Bertram Steele

Bertram Steele

Bertram Dillon Steele (30 May 1870 – 12 April 1934) was an Australian scientist.

Steele was the son of Samuel Madden Steele, was born at Plymouth, England and educated at the Plymouth Grammar School. He came to Australia in 1889, where he qualified as a pharmaceutical chemist. He entered on the science course at the University of Melbourne in 1896, being then nearly 26 years of age, and did such distinguished work that when still only a second year student he was appointed tutorial lecturer in chemistry at the three affiliated colleges, Trinity, Ormond and Queen's. He graduated B.Sc. in 1899 with first-class honours in chemistry, having during his course won exhibitions in chemistry, natural philosophy and biology, and the Wyselaskie and university scholarships in chemistry.
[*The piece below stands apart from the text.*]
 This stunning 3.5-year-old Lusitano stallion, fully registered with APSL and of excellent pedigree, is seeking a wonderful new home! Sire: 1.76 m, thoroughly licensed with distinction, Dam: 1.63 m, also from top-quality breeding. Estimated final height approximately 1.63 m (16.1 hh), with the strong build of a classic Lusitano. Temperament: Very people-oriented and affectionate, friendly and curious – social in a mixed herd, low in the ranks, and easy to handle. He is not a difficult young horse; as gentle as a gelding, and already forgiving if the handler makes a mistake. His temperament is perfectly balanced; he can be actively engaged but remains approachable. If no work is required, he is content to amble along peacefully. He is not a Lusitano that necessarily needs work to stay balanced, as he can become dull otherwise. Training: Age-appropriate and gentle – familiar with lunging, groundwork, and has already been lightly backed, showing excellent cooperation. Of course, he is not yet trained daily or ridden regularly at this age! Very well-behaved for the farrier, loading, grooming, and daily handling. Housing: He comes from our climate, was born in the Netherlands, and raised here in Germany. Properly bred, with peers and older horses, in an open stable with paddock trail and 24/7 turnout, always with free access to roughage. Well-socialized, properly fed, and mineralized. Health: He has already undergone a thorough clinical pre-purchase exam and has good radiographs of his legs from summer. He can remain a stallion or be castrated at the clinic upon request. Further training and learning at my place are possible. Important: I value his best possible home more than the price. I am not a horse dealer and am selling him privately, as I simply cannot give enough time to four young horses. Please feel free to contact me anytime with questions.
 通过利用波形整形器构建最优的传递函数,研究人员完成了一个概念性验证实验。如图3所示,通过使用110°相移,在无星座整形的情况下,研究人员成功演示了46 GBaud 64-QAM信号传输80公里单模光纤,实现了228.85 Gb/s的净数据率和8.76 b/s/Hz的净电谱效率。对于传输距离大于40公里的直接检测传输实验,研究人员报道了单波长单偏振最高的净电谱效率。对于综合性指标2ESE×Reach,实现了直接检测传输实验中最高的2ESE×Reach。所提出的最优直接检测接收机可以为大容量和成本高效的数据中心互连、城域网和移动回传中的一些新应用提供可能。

In 1899 Steele was appointed acting-professor of chemistry at Adelaide, and at the end of that year went to Europe with an 1851 scholarship.
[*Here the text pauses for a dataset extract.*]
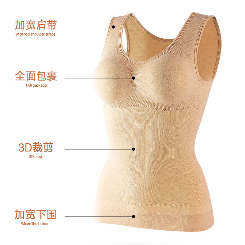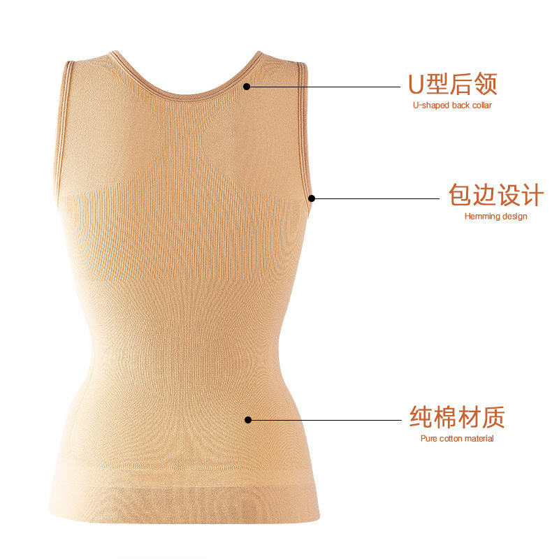 Летний тонкий бесшовный двухслойный жилет для внешней торговли, большой размер, длинный нижний жилет для формирования живота с нагрудной подушечкой для женщин

He worked with Professor Collie at London and did research work under Professor Abegg at Breslau. Returning to London he did research work with Sir William Ramsay, and then went to Canada and became a senior demonstrator in chemistry at McGill University, Montreal. He returned to Europe to become assistant professor of chemistry at the Heriot-Watt College, Edinburgh.

In 1905 he was appointed senior lecturer and demonstrator in chemistry at the University of Melbourne. While in this position Steele, working in conjunction with Kerr Grant, afterwards professor of Physics at the University of Adelaide, constructed a micro-balance that would turn with a load of 1/250,000 M.G.R.M. An account of this balance written by Steele and Grant was published in Vol. 82A of the Proceedings of the Royal Society of London in 1909. As a result of their work the remarkable researches of Dr Whytlaw Gray and Sir William Ramsay on the direct estimation of the density of the radium emanation was made possible. (W. A. Tilden, Sir William Ramsay, pp. 161 et seq. and Proceedings of the Royal Society of London, vol. 84A, pp. 538 et seq.).

In December 1910 Steele was appointed professor of chemistry at the newly established University of Queensland. He was elected president of the board of faculties and his experience was of great use in setting the university on its course. His academic work was interrupted by the 1914-18 war, during the whole of which he was working for the ministry of munitions, London. In June 1915 he went to England with a new type of gas mask which he had invented, and an invention to be used against submarines, both of which were presented to the British government. While working for the government he was able to show that synthetic phenol could be produced for less than half the price then being paid for it. He worked out an entirely new process, and designed and had erected a large government factory for its production. While working for the government he refused an offer to go to America at £5000 a year and when it was suggested that an honour might be conferred courteously intimated that he was glad to work for his country without either additional salary or honours. Later on he did important work for the government in connection with poison gases. On leaving England at the end of the war he received letters of thanks from Mr Winston Churchill and Lord Moulton for the great services he had rendered. He took up his university work again in 1919 and in that year was elected a fellow of the Royal Society, London. He had overworked during the war and his constitution never fully recovered from the strain. He resigned his chair in 1931 and lived in retirement at Brisbane until his death. He married Amy Woodhead of Melbourne who survived him. He had no children.

Steele was a man of medium height with a frank and open countenance, a completely unselfish outlook on life, and a personality that attracted both his students and his associate workers. He was a tireless worker and an ideal researcher - honest, patient, imaginative and cautious. Circumstances prevented him doing a large amount of original work, but much of the work he did during the war years was of a secret nature, the value of which cannot be estimated. One piece of early work may be mentioned, his research in connection with the determination of transport numbers of electrolytes and the electrochemistry of non-aqueous solutions. The heavy work of organizing and carrying on a new department at the university of Queensland left him little time for research, but as chairman of the Royal Commission for the control of Prickly Pear he was associated with the successful solution of a problem which was a great danger to Queensland.